Claire Rudy Foster ruminates on the harried and complicated identities of men and women in a contemporary American hegemonic context, in her short-story collection I’ve Never Done This Before. These six tales vibrate with violence and alienation, exploring sexuality as a weapon, a commodity, a link, or a wedge between lovers and strangers, yet Foster’s literary explorations refrain from making big-picture pronouncements, deferring to the intimate and immediate.
Foster’s writing is firm, grounded in a contemporary realistic literary style, with each story more resembling a meaningful snapshot than a dissection of the situation and its players. Strong metaphors are put to good use, allowing for multiple readings and intentional ambiguity. Although sex and sensuality are central to the series, eroticism and romance generally take a backseat to more factual, functional expressions of desire, which often goes unquenched.
A persistent theme of absence permeates each tale—a woman’s husband has retreated from her in favor of Internet porn; a man’s girlfriend attempts to torment him with not-so-subtle hints at infidelity—and what the corresponding partners choose to fill this void is of particular interest. In “Runaway,” Foster writes in the second person, drawing the reader into complicity; its tenor warns against choosing to be distant from or abandon the protagonist—and perhaps, by extension, the rest of the characters in the collection.
Coupling isn’t romanticized, despite a general tone that favors it throughout the collection: “My body missed him.
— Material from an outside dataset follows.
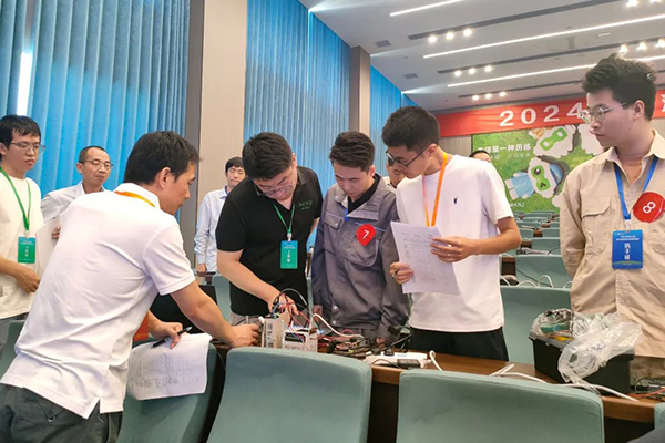 竞赛分理论知识竞赛和实操技能竞赛两个环节,旨在检验选手在控制系统的电路设计和编程、电气控制系统的安装接线和调试等方面的技能水平。竞赛现场气氛热烈,参赛选手们聚精会神,熟练地进行布线、接线、编程等操作,展现出精湛的业务能力和过硬的技术水平。
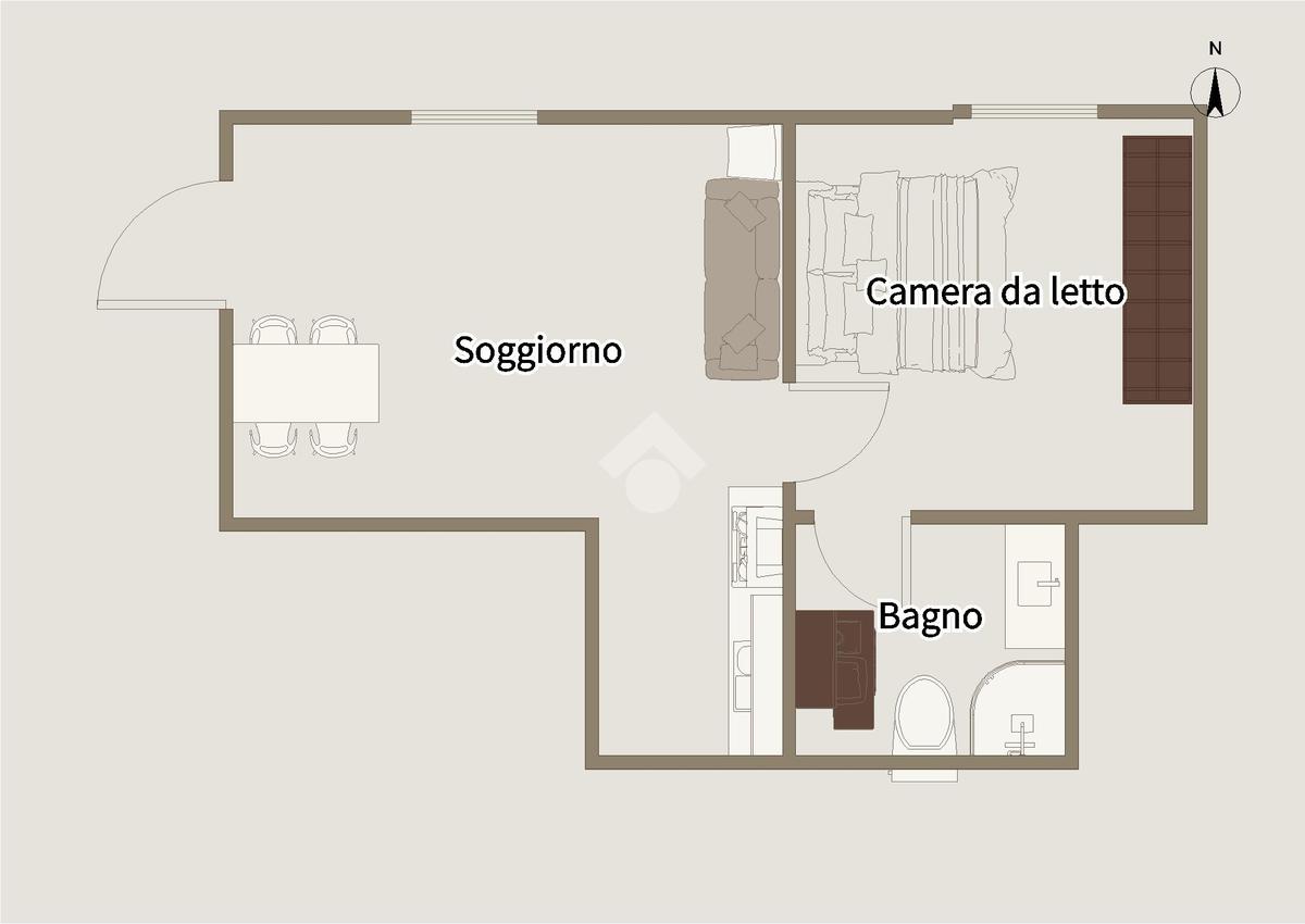 L’immobile, in ottimo stato manutentivo, si distingue per una distribuzione degli spazi funzionale e ben studiata: la zona giorno ospita un soggiorno con cucinotto separato, dalle dimensioni contenute ma organizzato in modo pratico ed efficiente. La zona notte è composta da una camera matrimoniale, mentre il bagno è dotato di lavasciuga.

My heart was on the fence,” observes the narrator in “Fidelity,” while Foster explores the concept of finding a relational “good fit” via a tailoring metaphor. Emotional and physical compatibility, and alienation from/of both the self and others, are an extension of this theme of separate, distant genders.
Characters are allowed to exist as both tender and rough, with external expressions often contrasting, out of habit or survival, with the interior. Foster’s stories examine classic questions: What do men really want from women? Is objectification unavoidable? Can fatalistic opposition truly benefit anyone involved, even those presumed to inhabit more advantageous social positions? This collection is a modern, feminist meditation.